In deze zaak gaat het om een hoger beroep betreffende de verdeling van zorg- en opvoedingstaken na de echtscheiding van de ouders van een tweeling, geboren in 2013. De moeder, verzoekster in hoger beroep, is het niet eens met de door de rechtbank Gelderland vastgestelde zorgregeling, die inhoudt dat de kinderen om de week van woensdag na school tot zondagavond bij de vader verblijven. De moeder verzoekt het hof om de bestreden beschikking te vernietigen en een zorgregeling vast te stellen die in het belang van de kinderen is.
De vader, verweerder in hoger beroep, verzoekt het hof de bestreden beschikking te bekrachtigen. Hij stelt dat de huidige regeling goed verloopt en dat de kinderen zich goed ontwikkelen.
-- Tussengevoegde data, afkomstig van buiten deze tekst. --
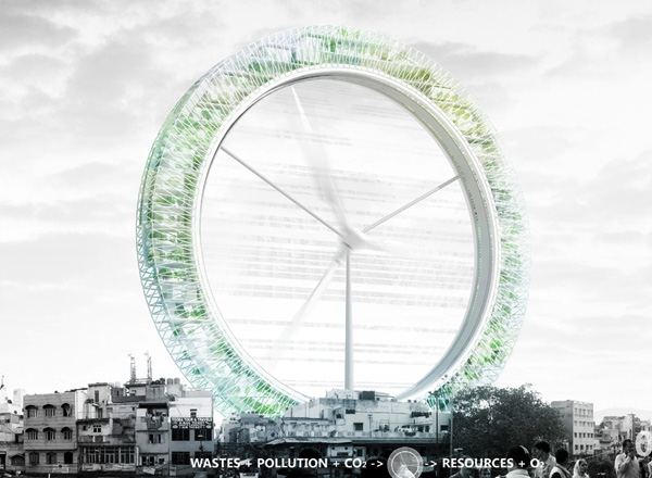 Похожий на гигантскую турбину небоскреб LO2P будет находиться в Нью-Дели, в одном из наиболее загрязненных в мирегородов, в связи с экспоненциальным ростом численности населения и автомобилей. Идея этого небоскреба заключается в переработке старых автомобилей и использовании их в качестве строительного материала для новой конструкции. Здание спроектировано как гигантские легкие, которые будут очищать воздух Нью-Дели через серию крупномасштабных теплиц, которые служат в качестве фильтров, поглощающих взвешенные частицы воздуха. Обработанное тепло и углекислый газ будут использоваться для выращивания растений, вырабатывающих биотопливо.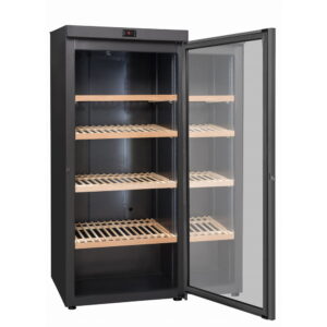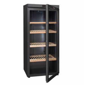 VIP380V wolnostojąca chłodziarka do wina, trzystrefowa o pojemności do 273 butelek wina. Oświetlenie LED po obu stronach komory chłodzenia, zapewnia dobre podświetlenie butelek wina.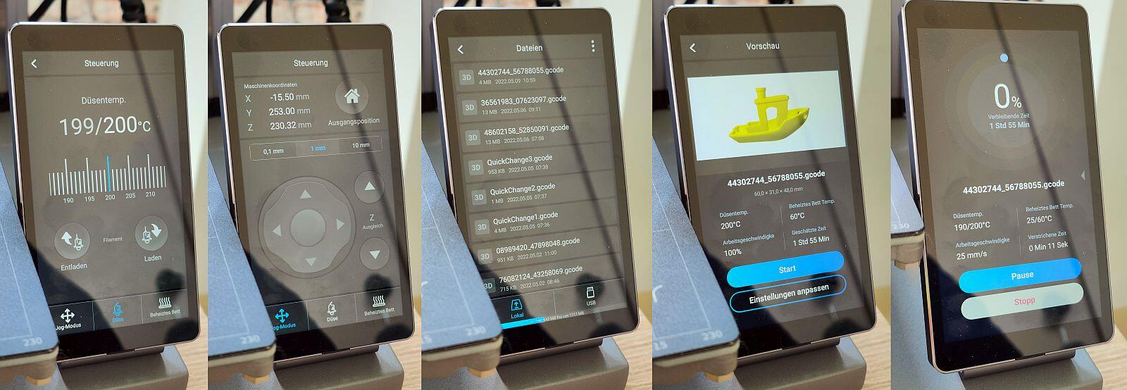 Die Software-Oberfläche des Touchscreens basiert auf Android und ist im Allgemeinen sehr hübsch gehalten und lässt sich intuitiv steuern. Auch während des Drucks lassen sich viele Einstellungen noch ganz bequem ändern.

De raad voor de kinderbescherming adviseert om de huidige regeling te handhaven, omdat deze past bij de leeftijd van de kinderen en er geen zorgen zijn over hun ontwikkeling.
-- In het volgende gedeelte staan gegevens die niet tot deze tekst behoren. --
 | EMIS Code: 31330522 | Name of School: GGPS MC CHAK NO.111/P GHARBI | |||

Het hof overweegt dat de regeling die door de rechtbank is vastgesteld al geruime tijd wordt uitgevoerd en dat beide ouders zich inspannen om de communicatie te verbeteren. Het hof concludeert dat de kinderen in staat zijn om de huidige zorgregeling aan te kunnen en dat het in hun belang is dat beide ouders een wezenlijk aandeel hebben in hun opvoeding. Het hof bekrachtigt daarom de bestreden beschikking en wijst het meer of anders verzochte af.